- "Well, here's your box. Nearly everything I have is in it, and it is not full. Pain and exitement are in it, and feeling good or bad or evil thoughts and good thoughts--the pleasure of design and some despair and the indestructable joy of creation. And on top of these are all the gratitude and love for you. And still the box is not full" (Steinbeck 1). --------------------------------------------------------------------------This quote, nearly the first line, sets the stage for the book, telling how the story will play out in that the writer of the letter--"John"--will probably fall in love with the recipient--"Pat"--and have his heart broken by her.
- "To Adam who was an instrument, who saw not the future farms but only the torn bellies of fine humans, it was revolting and useless. When he fired his carbine to miss he was committing treason against his unit, and he didn't care. The emotion of nonviolence was building in him until it became a prejudice like any ither thought-stultifying prejudice.
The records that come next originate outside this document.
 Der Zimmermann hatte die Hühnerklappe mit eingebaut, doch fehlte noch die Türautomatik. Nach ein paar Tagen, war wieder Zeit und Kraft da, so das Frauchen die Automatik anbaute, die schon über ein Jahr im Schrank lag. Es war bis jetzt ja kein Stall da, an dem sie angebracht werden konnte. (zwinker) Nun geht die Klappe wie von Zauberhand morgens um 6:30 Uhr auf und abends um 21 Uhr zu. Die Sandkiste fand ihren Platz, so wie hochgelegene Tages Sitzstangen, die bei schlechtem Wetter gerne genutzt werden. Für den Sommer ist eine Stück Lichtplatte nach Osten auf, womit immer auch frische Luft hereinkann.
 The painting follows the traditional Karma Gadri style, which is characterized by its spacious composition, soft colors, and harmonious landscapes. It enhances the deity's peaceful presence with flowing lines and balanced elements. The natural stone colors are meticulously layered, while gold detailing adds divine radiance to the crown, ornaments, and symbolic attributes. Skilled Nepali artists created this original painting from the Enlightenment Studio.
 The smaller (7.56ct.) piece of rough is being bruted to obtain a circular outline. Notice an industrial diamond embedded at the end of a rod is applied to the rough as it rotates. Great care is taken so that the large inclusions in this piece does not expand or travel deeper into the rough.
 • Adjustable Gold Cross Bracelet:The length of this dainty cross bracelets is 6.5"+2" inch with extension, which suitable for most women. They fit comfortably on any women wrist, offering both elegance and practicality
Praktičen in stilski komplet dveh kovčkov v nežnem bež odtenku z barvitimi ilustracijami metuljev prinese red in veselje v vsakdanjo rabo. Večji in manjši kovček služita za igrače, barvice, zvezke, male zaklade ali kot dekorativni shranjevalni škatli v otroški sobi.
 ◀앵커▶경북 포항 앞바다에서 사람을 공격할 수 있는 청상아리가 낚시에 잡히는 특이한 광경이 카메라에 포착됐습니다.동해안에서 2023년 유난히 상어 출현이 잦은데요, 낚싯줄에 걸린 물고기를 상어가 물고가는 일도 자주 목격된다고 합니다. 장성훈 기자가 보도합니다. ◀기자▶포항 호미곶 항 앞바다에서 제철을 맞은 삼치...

To inflict hurt on anything for any purpose became inimical to him" (Steinbeck 35). --------------------------------------------------------------------------Adam did not want to join the army originally, and as time goes on, he becomes disgusted with harming his "enemies." I see this quote standing out because it shows the transition from Adam simply disliking his job to flat-out refusing to kill.
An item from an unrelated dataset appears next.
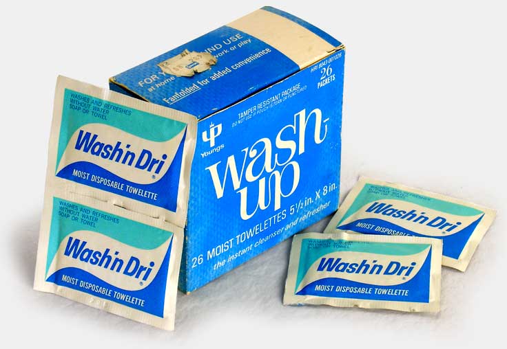 When I found these disposable towelette things I call, generically, “handy wipes,” I thought wow, these are pretty old. The blue box contains “Wash-Up, 26 Moist Towelettes.” The box describes them as “The instant cleanser and refresher.” There is a UPC code on the bottom but it must have been added in a later printing of this 1965 box. (The UPC code didn't come into use until the 1970s.) Youngs Drug Products Corporation, New Jersey. The loose packets are Wash'n Dri Moist Disposable Towelettes. "Washes and refreshes without water, soap, or towel. From Canaan Products, a subsidiary of Colgate-Palmolive.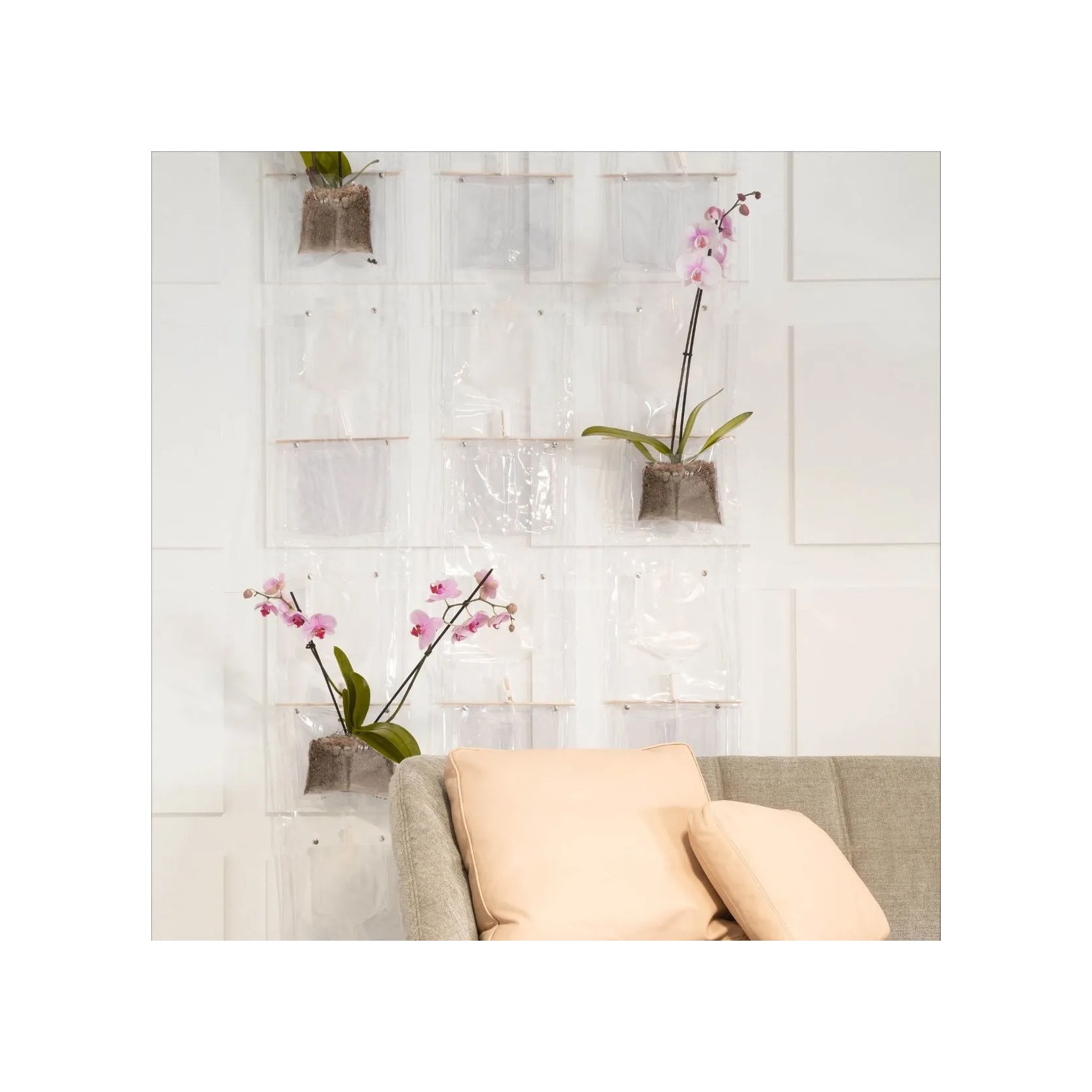 Élément en plastique transparent composé de 4 enveloppes de confinement pour les plantes et de distribution d’eau. Usage interne seulement.

- "Monsters are variations of the accepted normal to a greater or a less degree. As a child may be born without an arm, so one may be born without kindness or the potential of conscience. A man who loses his arms in an accident has a great struggle to adjust himself to the lack, but one born without arms suffers only from people who find him strange" (Steinbeck 72). --------------------------------------------------------------------------This passage stands out to me because it rings with truth. A real-life example of this is the relationship between children in middle school. If one child is different and challenges the status quo, other children will shun him or her as "wierd," while the shunned child and his or her friends whould consider him or herself "normal."
- "In all such local tragedies time works like a damp brush on water color. The sharp edges blur, the ache goes out of it, the colors melt together, and from many seperated lines a solid gray emerges. Within a month it is not necessary to hang someone, and within two months nearly everybody discovered that there wasn't any real evidence against anyone" (Steinbeck 89). --------------------------------------------------------------------------This passage is important because it is a window into the mindset of the town. From this passage, I see that time will move on and people's troubles and daily lives will get in the way of an ethereal "murder" with little or no evidence.